Recientemente, viajaba en mi coche solo. En el asiento del copiloto llevaba una bolsa con algunas cosas dispares, entre las que había varios huevos duros, que yo mismo había hervido esa misma mañana. No viene al caso explicar otros pormenores. Lo cierto es que a mitad de viaje –no sé por qué– comencé a pensar en los huevos duros y, aunque no tenía hambre, me entraron ganas de comerme uno. Estiré el brazo, rebusqué en la bolsa y saqué uno de color café con leche.
Si me detenía en un área de servicio para comerlo, iba a perder mucho tiempo, así que decidí hacerlo dentro del coche. El problema principal, como todo el mundo podrá imaginar, era pelarlo, pues no estaba dispuesto a introducirlo en mi boca con la cáscara. Me dije que tenía que ser un conductor responsable y, por eso, una de mis manos debería estar siempre en el volante y mi vista fija en la carretera. Por consiguiente, solo me quedaba pelar el huevo con la otra mano.

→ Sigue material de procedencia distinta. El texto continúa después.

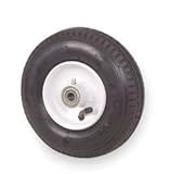 Pneumatic Wheel, Commercial and Industrial,Tubeless Type, Wheel Width 3.63 In, Tire Thickness 3.5 In, Tire Rim Dia 6.64 In, Sawtooth Tread, Symmetrical Hub Type, 4 Ply, Outside Dia 12.5 In, Capacity 445 Lb, Hub Width 4 1/2 In, Fits Axle 3/4 In, Ball Bearings, Tread Color Black, Core Color Silver/Gray

Me imaginé al helicóptero de la guardia civil grabándome desde las alturas y mi imagen saliendo en los telediarios como ejemplo insólito de conductor imprudente. “Imprudente, nunca”, me repetía sin soltar el volante ni una sola vez y fijando mi atención en la autovía.
Reconozco que fue casi milagroso pelar el huevo duro con una sola mano y, además, mantener las cáscaras rotas en la concavidad de la palma. Lo alcé entre mis dedos y entonces lo engullí –al estilo de Paul Newman en “La leyenda del indomable”. Tenía el sabor y la textura inconfundible de los huevos duros, pero a mí, no sé por qué, me supo a gloria, a pesar de que tuve que escupir algún trocito de cáscara que había quedado pegado.
Entonces caí en la cuenta de que en la mano llevaba toda la cáscara del huevo. ¿Qué hacer con ella? Pensé que una cáscara de huevo era biodegradable, no contaminante y su pequeño tamaño la haría imperceptible, así que la trituré entre mis dedos todo lo que pude, para que los trozos fueran aun más pequeños, y bajé el cristal de la ventanilla. A continuación, saqué el brazo, manteniendo la mano cerrada. Miré por el espejo retrovisor y me cercioré de que no venía ningún coche detrás. Entonces abrí la mano.
Solo puedo añadir que los trocitos de la cáscara del huevo duro entraron por la ventanilla del coche como pequeños proyectiles inofensivos. Sacudí mi mano como pude y subí de inmediato el cristal. Pero ya era tarde. Han pasado dos semanas, he limpiado el coche por dentro, pero no hay día en que aparezca algún pedacito de cáscara entre los asientos, en las alfombrillas, en el salpicadero… ¡Horror! A veces pienso que no me comí un solo huevo duro, sino que me zampé docena y media.